Live album by Julie Andrews
- Released: 1977
- Genre: Pop, show tune
- Label: RCA Victor

Julie Andrews chronology
| The Pink Panther Strikes Again (1976) | An Evening with Julie Andrews (1977) | 10 (1979) |

= An Evening with Julie Andrews =

An Evening with Julie Andrews is a live album by Julie Andrews recorded during the English star's 1977 concert at Osaka Festival Hall in Japan. The performance came at a transitional moment in Andrews' career—after her peak Hollywood years but before her later resurgence on stage. The album captures her signature blend of Broadway and film classics, though its reception and legacy remain somewhat niche.

Andrews initially hesitated to tour Japan, as revealed in a 1977 interview, but ultimately accepted a $1 million offer on the condition that her family could join her. The concerts, held in four cities, were part of a brief return to live performance after she had scaled back work in the 1970s. Originally announced in Billboard as Julie Andrews On Tour, the record would include performances in Japan, Hong Kong, Australia and New Zealand, but RCA Records released only the Japanese performance with its present title. The phrase "An Evening with Julie Andrews" had previously appeared as part of the title of an unrelated NBC television special broadcast on 9 November 1969, An Evening with Julie Andrews and Harry Belafonte.

The music critic from The Age wrote that the track listing leans heavily on nostalgia, featuring staples like "Do-Re-Mi", "I Could Have Danced All Night", and "Supercalifragilisticexpialidocious", alongside Stephen Sondheim's "Being Alive" and Peter Allen's "Everything Old Is New Again". The critic noted the crowd's enthusiasm but also highlighted the album's safe, familiar approach, describing it as "musical memories of her past" rather than a reinvention.

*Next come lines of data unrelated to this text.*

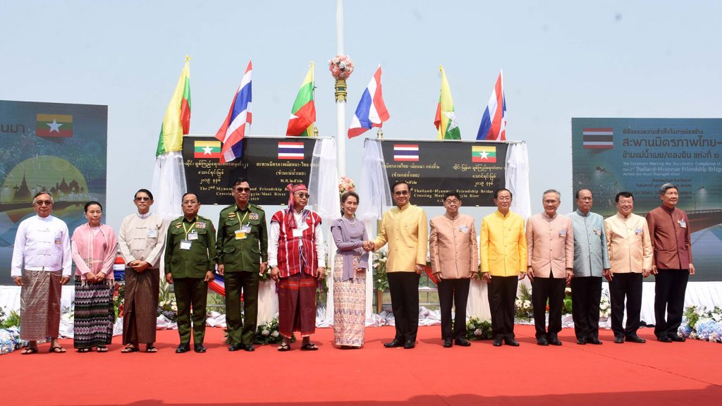 After delivering the speeches, State Counsellor Daw Aung San Suu Kyi and Thai Prime Minister Prayut Chan-o-cha unveiled a plaque commemorating the successful completion of the Myanmar-Thai Friendship Bridge 2 by pressing a button.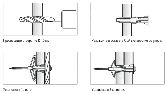 Дюбель - бабочка предназначен для крепления легких конструкций к листовым материалам, таким как фанера, гипсокартон, асбест, ацеид, ДСП и т.п. В изначальном виде, дюбель - бабочка находится в сложенном состоянии и разворачивается (как крылья бабочки) при вворачивании в него шурупа или самореза. Длина самореза (а следовательно и расстояние от листа материала до следующей конструкции) должна быть от 55 мм, чтобы саморез имел возможность раскрыть дюбель.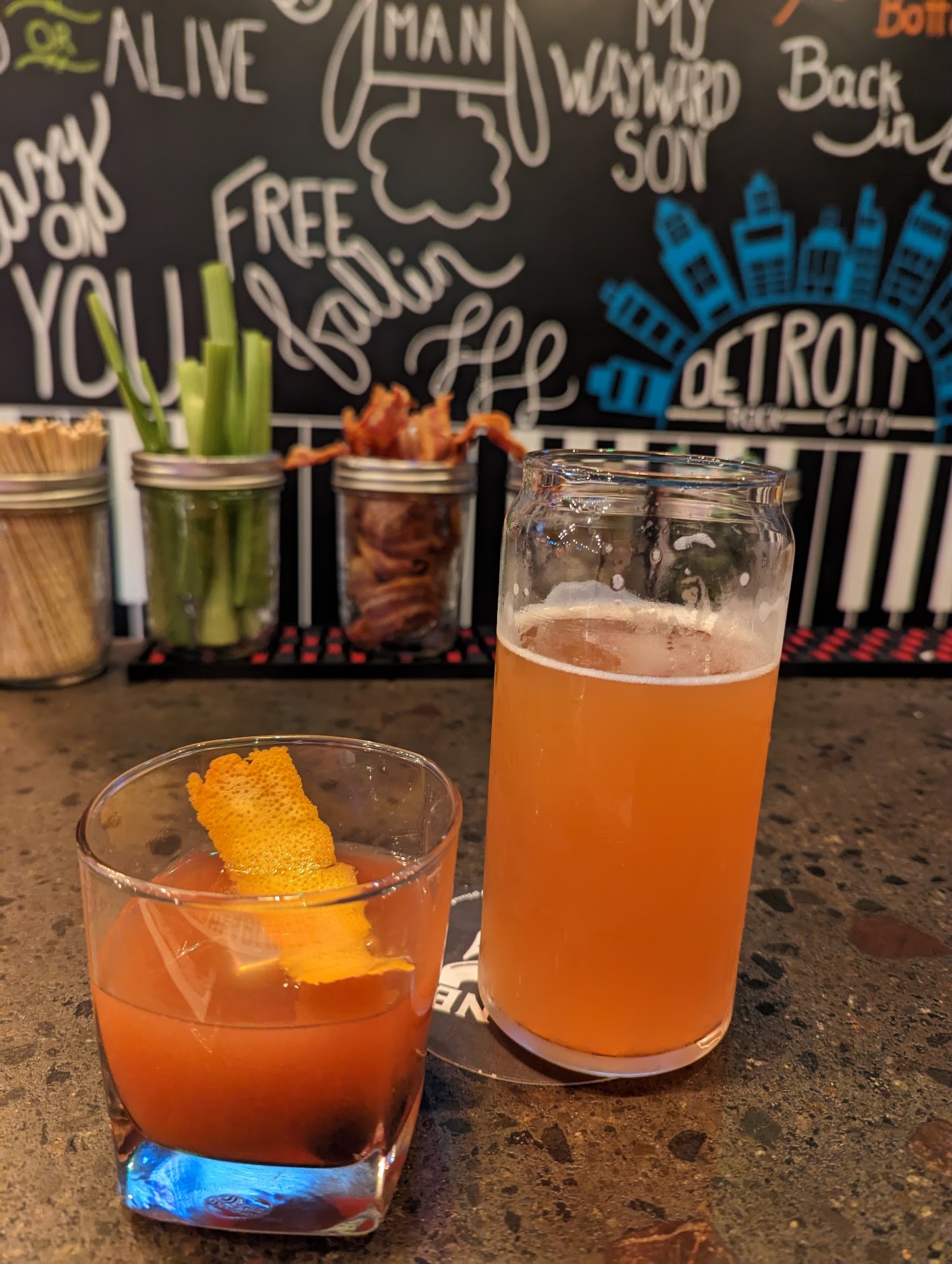 Read moreVery disappointed with our trip today. We wanted to give this place another try after a subpar experience last time in but unfortunately this will be our last time eating here. The atmosphere and decor is spot on and we enjoy the vibe but that's where it ends. We were seated today and after quite a wait, maybe 6 to 7 mins, were able to place our drink order. We weren't asked about appetizers at that point. We recieved our beers but no follow up on an order until the server returned at 30 mins after we had been seated to take our order. We ordered our appetizer and meal at the same time. It was another approx 10 mins until the appetizers arrived almost immediately backed by the meal. The food was OK, but not good enough to save this trip. As I came to the end of my beer I noticed that there was some type of scum INSIDE on the bottom of my glass that I was able to scratch off and that the whole bottom outside of the glass had some gross build up that I could scratch out with my fingernail. It was black and sludgelike. Absolutely disgusting. We were never offered the opportunity to order a second drink, had very little interaction from the server and it looked to be pretty understaffed. We were never offered to go boxes for our leftovers and had to track down another server to get our check since we had placed an order and didn't want the food to just sit there as we waited for our check to be brought. Overall not a good experience at all. Cleanliness is pretty important as is service and based on the experience today we will...

RCA Records never released the album in the United States due to a decline in Ms. Andrew's popularity there. However, copies of the album were being sold in the US for as much as $1,000 by 1994. RCA never issued the album on compact disc anywhere in the world.

==Track listing==

Side 1
| No. | Title | Writer(s) | Length |
|---|---|---|---|
| 1. | "Overture" |  |  |
| 2. | "I'll Play for You" | Jim Seals, Dash Crofts |  |
| 3. | "I'm Old Fashioned" | Jerome Kern, Johnny Mercer |  |
| 4. | "Wouldn't It Be Loverly" | Alan Jay Lerner, Frederick Loewe |  |
| 5. | "This Is My Beloved" | Wright, Forest |  |
| 6. | "Being Alive" | Stephen Sondheim |  |
| 7. | "Medley: a) Everything Old Is New Again / b) My Melancholy Baby / c) Bye Bye Blues / d) Everybody Loves My Baby / e) Thoroughly Modern Millie" | Peter Allen, B. Sager / George Norton, Ernie Burnett, Maybelle Watson / Fred Hamm, Dave Bennett, Bert Lown, Chauncey Gray / Palmer, Spencer Williams / Sammy Cahn, Jimmy Van Heusen |  |

Side 2
| No. | Title | Writer(s) | Length |
|---|---|---|---|
| 1. | "Whistling Away the Dark" | Henry Mancini, Johnny Mercer |  |
| 2. | "Medley: a) My Favorite Things / b) Do-Re-Mi / c) Supercalifragilisticexpialidocious" | Richard Rodgers, Oscar Hammerstein II / R. Rodgers, O. Hammerstein II / Richard M. Sherman, Robert B. Sherman |  |
| 3. | "Medley: a) Camelot / b) Show Me / c) I Could Have Danced All Night" | Alan Jay Lerner, Frederick Loewe / A. J. Lerner, F. Loewe / A. J. Lerner, F. Loewe |  |
| 4. | "The Sound of Music" | Richard Rodgers, Oscar Hammerstein II |  |
| 5. | "I'd Rather Leave While I'm in Love" | Peter Allen, B. Sager |  |

==Personnel==
Credits adapted from the liner notes of An Evening with Julie Andrews record.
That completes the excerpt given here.